Category: Regenerative Education

What we learned in 2025 about making regen bankable, animals, water, chefs, scale, Al in ag, agroforestry, education, food as medicine, ROl, storytelling

If 2025 had a soundtrack, it would be the sound of stress: stress in the system, stress in humans, stress in animals and in all other non human beings.

And then the cycle of Heat. Drought. Fire. Flood. Over and over again.
And yet, between the headlines, something else seems happening. We spent the year in conversation—with farmers walking their fields, scientists questioning old assumptions, investors rethinking risk, and builders experimenting in the real world. Online and offline, we found ourselves in rooms where regeneration wasn’t an abstract ideal, but really happening.

As 2025 comes to a close, it’s hard not to feel cautiously optimistic. The signals are there. Regeneration works and the direction is becoming clearer.

Thomas Kliemt – A farming incubator with a 75% success rate (that nobody knows about) lands in Germany

A check-in conversation with Thomas Kliemt, a true serial entrepreneur in regenerative farming systems and previously part of Kulturland, always busy with the big topics in agriculture and never afraid to take them on head first. We catch up on what he has been working on: access to land in Germany, how Kulturland- the organization he has been involved with for the last 8 years- has been growing, and why they are suddenly, after 10 years in the making, an overnight success. In the first 6 months of 2025, they accelerated their fundraising by 100%, raising the same €2.5m they raised in all of 2024.

Then we shift to the next piece of the puzzle: once you enable access to land, transition it into the commons as an anti-speculation measure, and remove the huge debt burden new farmers face, who is actually going to farm this land?
That’s what Thomas’ next venture is working to solve, inspired by a highly successful French model. Over the last 20 years, this approach has trained hundreds of farmers in running their businesses through incubator farms: new farmers work their own land for 3 years, run their enterprises, and receive a salary. Afterward, they are ready to take over a farm elsewhere and, remarkably, over 75% of them do. Many of the rest join other farms as employees. This is an incredibly high success rate for any incubator, and the model has already scaled to Belgium, Spain, and Finland. Now Thomas is bringing it to Germany, and the timing seems perfect.
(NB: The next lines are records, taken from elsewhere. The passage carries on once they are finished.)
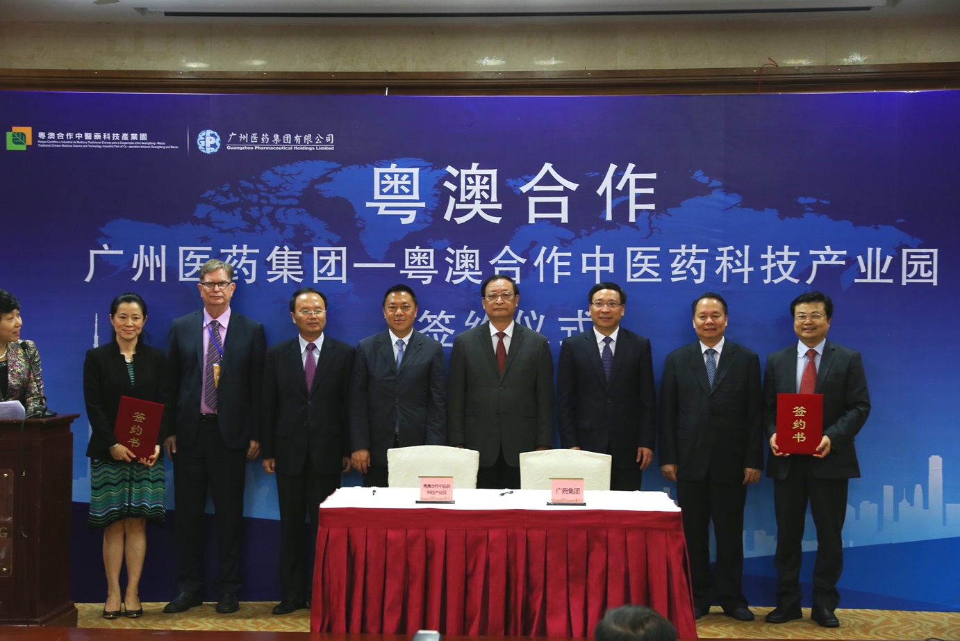 O Parque Científico e Industrial de Medicina Tradicional Chinesa para a Cooperação entre Guangdong-Macau (adiante designada por "Parque Industrial") e a Guangzhou Pharmaceutical Holdings Limited realizaram a cerimónia de assinatura do Acordo-Quadro de Cooperação, durante a tarde do dia 7 de Setembro, no Hotel de Dongfang, em Guangzhou. No âmbito do Acordo-Quadro, e aproveitando a complementaridade dos serviços prestados, as Partes cooperarão para o desenvolvimento da globalização e modernização da medicina tradicional chinesa. Participaram nesta cerimónia os convidados seguintes: o Vice-Ministro da Comissão Nacional de Saúde e Planeamento Familiar e Director da Administração Estatal de Medicina Tradicional Chinesa, Dr. Wang Guoqiang, o Secretário para a Economia e Finanças da RAEM, Dr. Leong Vai Tac, o membro permanente do Comité do Município de Guangzhou e Vice-Presidente do Governo de Guangzhou, Dr. Chen Rugui, o Chefe do Gabinete Geral da Administração Estatal de Medicina Tradicional Chinesa, Dr. Zha Dezhong, o Chefe do Departamento de Cooperação Internacional da Administração Estatal de Medicina Tradicional Chinesa, Dr. Wang Xiaopin, o Director de Traditional Chinese Medicine Bureau of Guangdong Province, Dr. Xu Qingfeng, e o Director do Conselho de Administração da Nova Área de Ilha de Hengqin, Dr. Niu Jing. Este Acordo-Quadro de Cooperação foi assinado pela Presidente do Conselho da Administração da Guangdong-Macau Traditional Chinese Medicine Technology Industrial Park Development Co., Ltd., Dra. Lu Hong, e pelo Presidente do Conselho da Administração da Guangzhou Pharmaceutical Holdings Limited, Dr. Li Chuyuan.
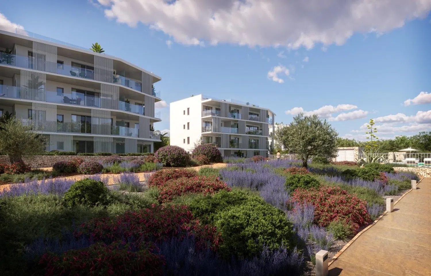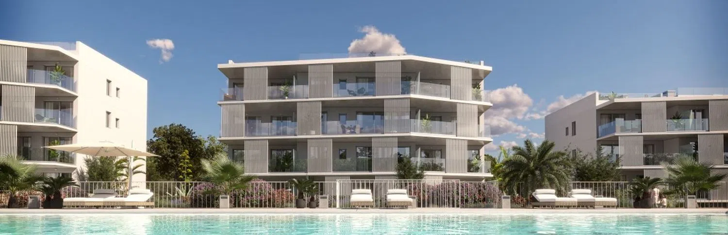 Cala d'Or, located in Santanyí on the Balearic Islands, offers a new opportunity to acquire modernly designed apartments. This project consists of 36 apartments with innovative architectural style, predominantly in white. The facilities include extensive landscaped areas and a community swimming pool that allow you to enjoy the excellent Mediterranean climate. Ground floor residences feature large terraces with porches and private gardens, while other apartments have spacious terraces offering beautiful views of the common areas. The penthouses have access to their own solarium terrace, prepared for the installation of a pool.
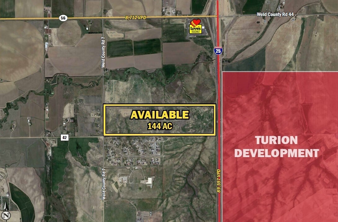 - Directly across I-25 from 2,100 acre Bill Gates Turion Development.

He has already raised several million in government funding, with different regions competing to host these incubator farms. This could become the launchpad for a much stronger regenerative farming movement. We talk about the huge impact successful regenerative farms can have on their regions, the importance of community, and why this mission is so deeply personal for Thomas.

Sarah Hellebek – Training Denmark’s next farmers with practitioners, not professors

A walking the land episode with Sarah Hellebek, deputy head at Krogerup Højskole, who spent years at the heart of Denmark’s climate activist movement. By most measures, she was successful, climate made it onto the political agenda, though never strongly enough. But the fight came with a cost: it also made her pretty depressed, she was in our own words mostly shouting in front of the Parliament. 

Until a tour visiting progressive Danish farmers exposed her to the world of regeneration and she dove right into it. After spending a lot of time on different farms she noticed the need to train the next generation, as the current ag school system in Denmark (and everywhere else for that matter) doesn’t prepare you to run farms and embrace complexity. So she started her own school, outside the free super subsidied Danish school system and it took off.

We talk about why the next generation of farmers has to be trained by practitioners not teachers and why your holistic context is so important and pretty scary to dive into that in week 1 of your education; and why the students need to work full time on regenerative farms throughout the country and bring that knowledge back into the lessons classroom (which of course is on a farm). Like this, the teaching is done with real case studies of the top regenerative farms through out Denmark. Bye bye outdated text books. This is cutting edge.

She felt she had to get some dirt under her nails and set up a market garden which hosts a lot of activities. We end with some very concrete calls to action and, of course, a mini deep dive into our role as positive key stone species.